Ja Morant Goes Where He Wants

Photo by Justin Ford/Getty Images

NBA players love to tell their opponents how unguardable they are. It's easy to understand why. The whole idea of defense is to prevent the guy with the ball from putting the ball through the hoop, and there is no simpler way for the guy with the ball to explain that his defender is incapable of stopping him from doing just that than to look the defender in the eye and say, "You can't guard me." It's a demoralizing taunt that leaves little room for an effective retort, because the box score is always going to reveal the truth.

"You can't guard me" means different things when said by different people, though. When Kevin Durant says it, it might mean that the player who is defending him is simply too short to bother Durant's jump shot.
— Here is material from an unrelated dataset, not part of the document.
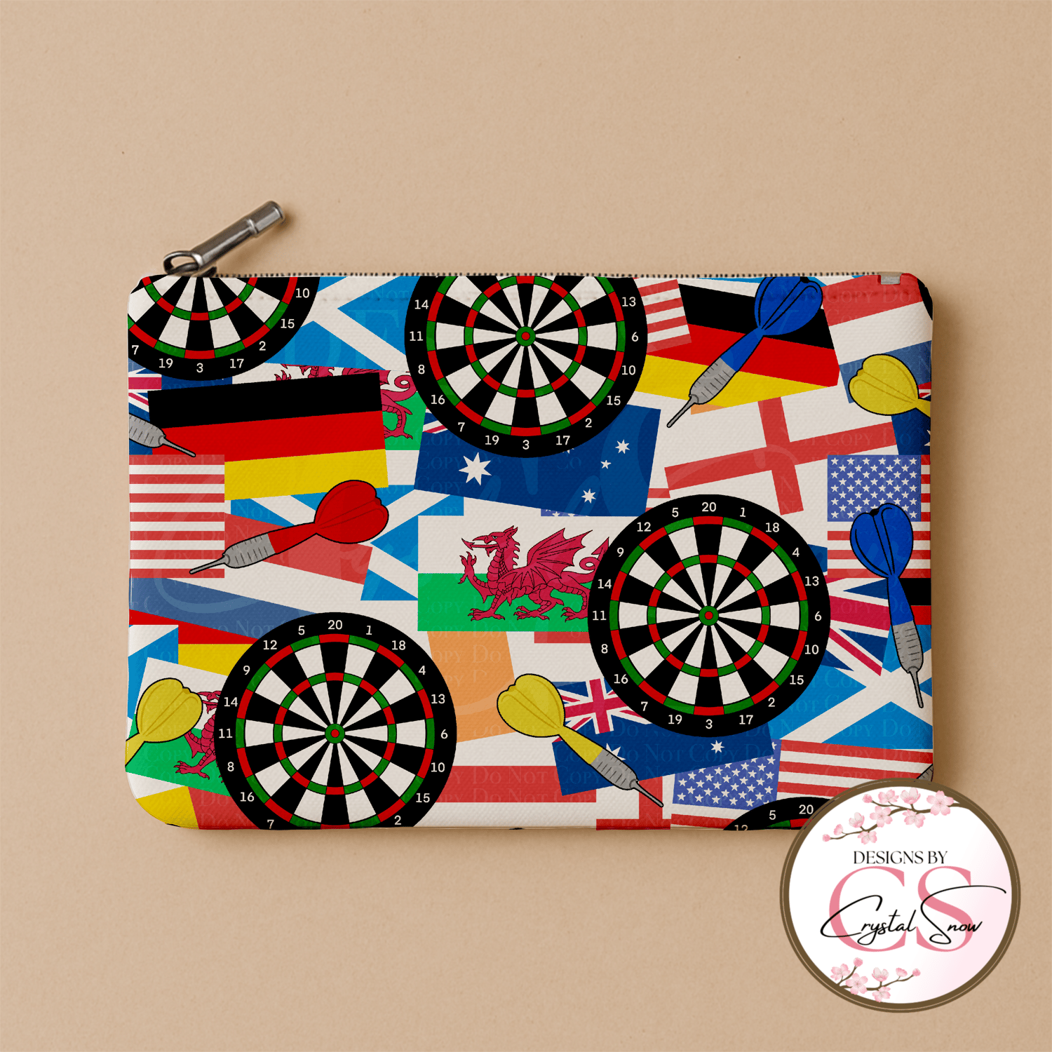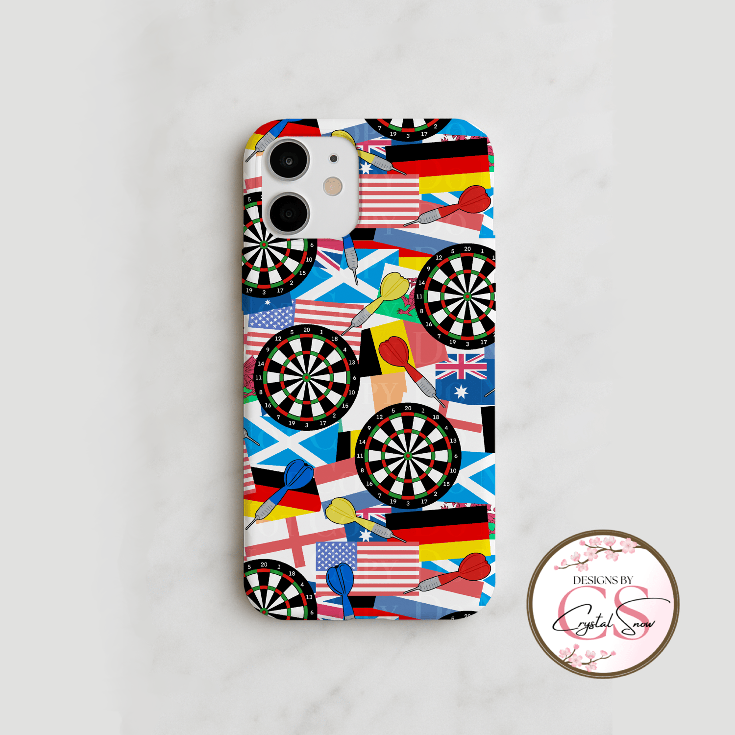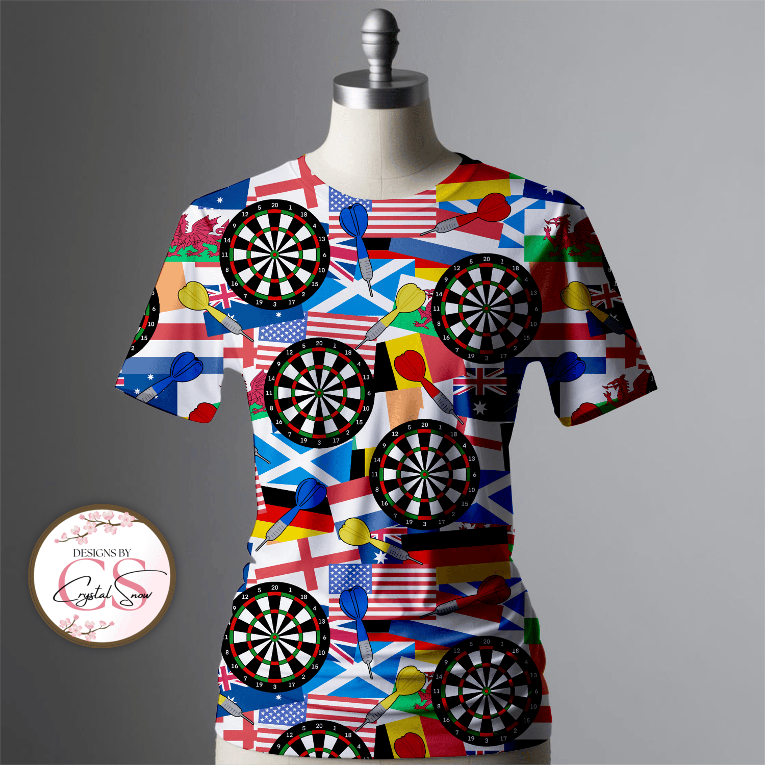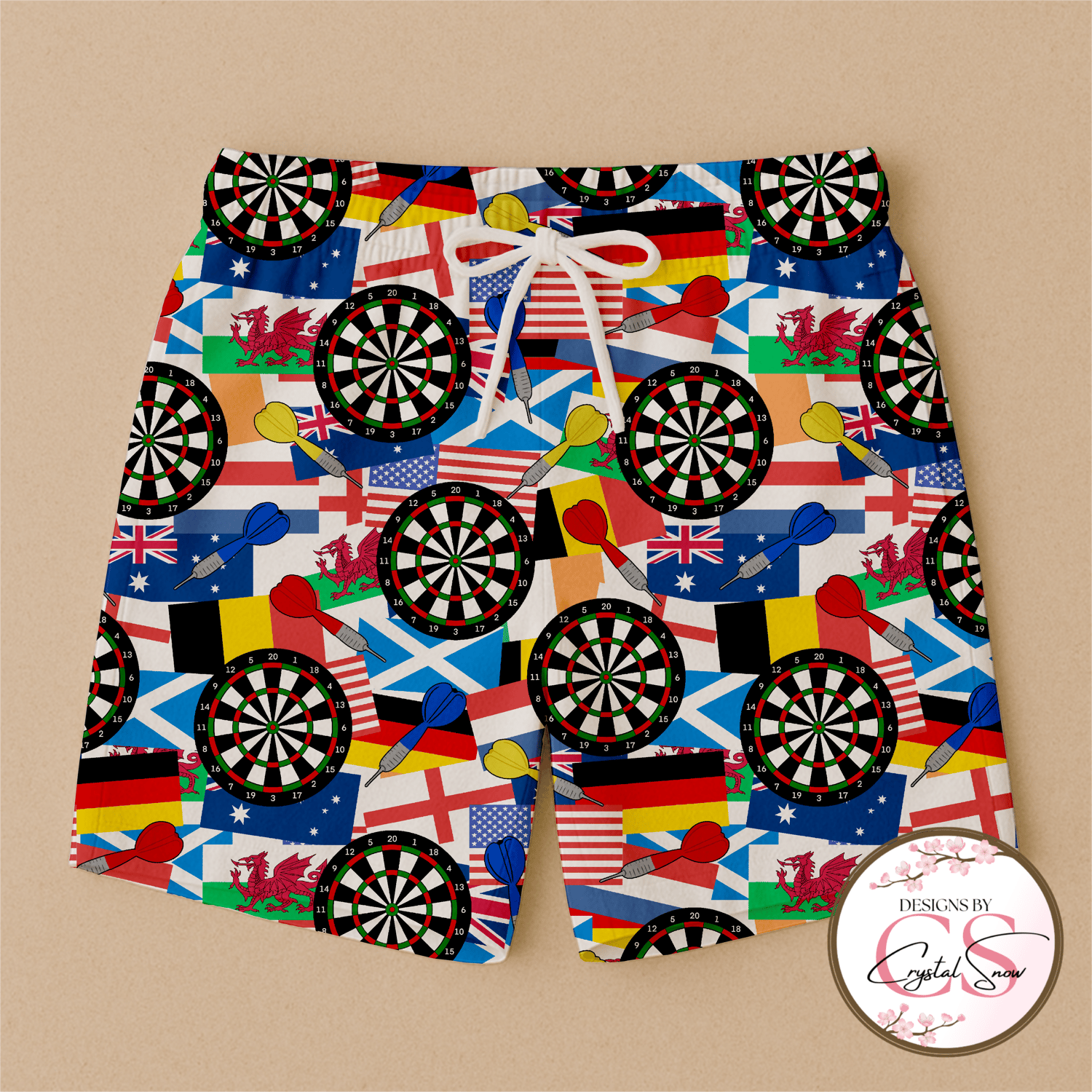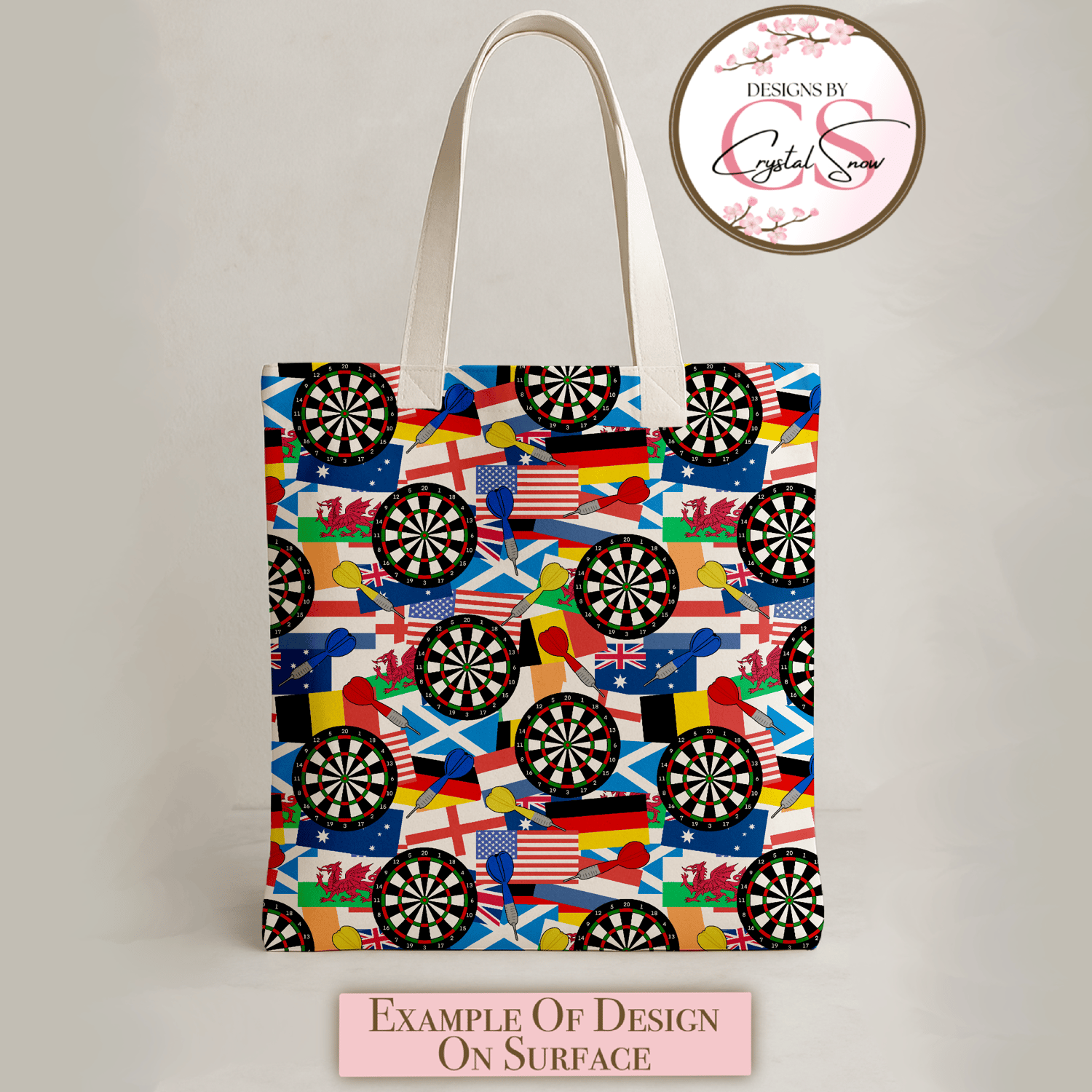 This hand-drawn World Tour Darts seamless pattern features dartboards layered over international flags including the USA, UK, Scotland, Germany, Wales, Australia, Belgium, and more — creating a bold, high-energy global darts design.

When Joel Embiid says it, it might mean that the guy trying to defend him in the post just isn't strong enough to keep himself from getting backed under the rim. When Russell Westbrook says it, it means that Russell Westbrook is lying. There are a lot of great scorers and trash talkers in the NBA, but I don't think anyone has a more justified claim to the "You can't guard me!" taunt than Ja Morant, who is unguardable in the purest sense of the term.

Morant has spent a lot of time telling opponents that they can't guard him during the first two games of his team's second-round series against the Warriors. He's had good reason to do so, as he scored 34 points in a Game 1 loss and 47 points in a Game 2 win. In Game 2, Morant scored his team's final 15 points and did so while facing a defense totally focused on trying to stop him. Morant is not the kind of player who can undo a defense with unlimited shooting range, nor does he possess the brawn one needs to outmuscle multiple defenders and get to the rim. What he does have is quickness, a whole goddamn lot of it, and it's that speed that allows him to continue scoring even when there are five opponents on the floor all set on preventing him from doing just that.

This, to me, is what makes Morant the most purely unguardable player in the league. There's no gimmick, or reliance on size and strength. There's just one guy getting to a spot much faster than anyone else can, and then the next spot, and the next one, and so on until the ball is falling through the net and the defenders are trying to figure out what exactly just happened. What else is there to say about a guy who moves like that, other than, "They can't guard him."